How we can help save someone from suicide
Over the last two weeks, six deaths by suicide have been brought to my attention through my work as a grief coach, an article I read, or through a close encounter with a friend.
One death is already one too many. Six in 15 days boggles the mind and pierces the heart.
Deaths by suicide resonate with me because two male cousins of mine chose to die by suicide in the prime of their youth. They left loved ones and family members in complete shock. For many years, no one ever spoke about these incidents because of the pain and the stigma.
It is only recently that my generation, and the one after us, has begun to talk about it and its implications. I’m grateful that the winds have changed.
Suicide cuts across all socioeconomic classes, genders and ages. The highest rates of deaths by suicide can be found in the 15-24 age range, both for males and females. It does not have a single cause, but certain factors like untreated depression or substance abuse can lead to higher risk, just as a strong social circle and family support provide protection.
According to the Suicide Awareness Voices of Education (SAVE) website, there are several warning signs that friends and families need to look out for. These are:
Talking about wanting to die or to kill oneself;
Looking for a way to kill oneself;
Talking about feeling hopeless or no purpose;
Talking about feeling trapped or being in unbearable pain;
Talking about being a burden to others;
Increased use of alcohol or drugs;
Acting anxious, agitated or reckless;
Sleeping too little or too much;
Withdrawing or feeling isolated;
Showing rage or talking about seeking revenge; and
Displaying extreme mood swings.
When we talk about suicide, it’s very important to consider both risk factors, indicators that make it more likely for an individual to contemplate suicide and actually do it, and protective factors, characteristics that make a person less likely to do so.
Protective factors help promote resilience and connectedness with others during challenging times, making suicidal behaviors less likely.
Family mental health
A family history of mental health issues such as depression, mood and anxiety disorders and schizophrenia is an important risk factor to look out for.
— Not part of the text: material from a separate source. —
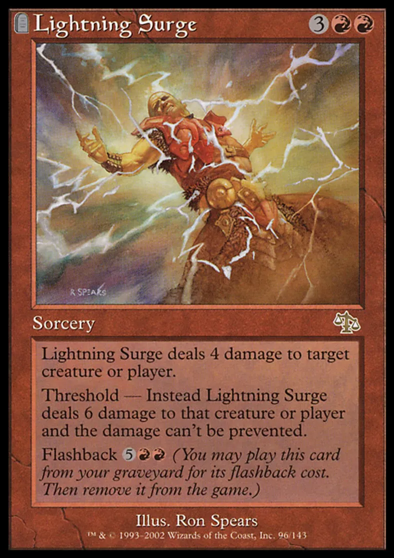 | Oracle Text | Lightning Surge deals 4 damage to target creature or player. Threshold — If seven or more cards are in your graveyard, instead Lightning Surge deals 6 damage to that creature or player and the damage can't be prevented. Flashback {{5}}{{r}}{{r}} (You may cast this card from your graveyard for its flashback cost. Then exile it.) | ||

It is very important for families to openly discuss issues among themselves, and to consider the family’s mental health history. Putting a name to the illness reduces its power and enables future generations to be more proactive about their own mental health.
Hopelessness or a history of trauma or abuse increases the likelihood of engaging in suicidal behavior.
Alcohol or any form of substance abuse is another risk factor. A major illness may lead the person into deep depression. A recent job or financial loss, or the loss of a relationship, also qualifies as a risk factor.
The lack of social support and a pervading sense of isolation, along with the stigma of seeking help, can be pretty potent risk factors for suicidal behaviors.
Protective factors, on the other hand, can help lessen the risk. Foremost among these is a strong connection to family, plus community support.
Access to effective clinical care for mental, physical and substance use disorders is also of utmost importance. The Mental Health Act, which is now only a heartbeat away from being made into law, will enable these health services to reach many more citizens all over the country.
Another important protective factor is for the young person or adult to have good skills in problem solving, conflict resolution, and handling problems in a nonviolent way. Young people need to find a safe and healthy outlet for anger and sadness—an art form, a sports activity, or a trusted, supportive and respected friend or mentor.
In the case of young people, withdrawal from their usual activities, changes in sleep patterns (increase or decrease), anger that seems out of context, or agitated or restless behavior beyond the usual are warning signs that something is going on.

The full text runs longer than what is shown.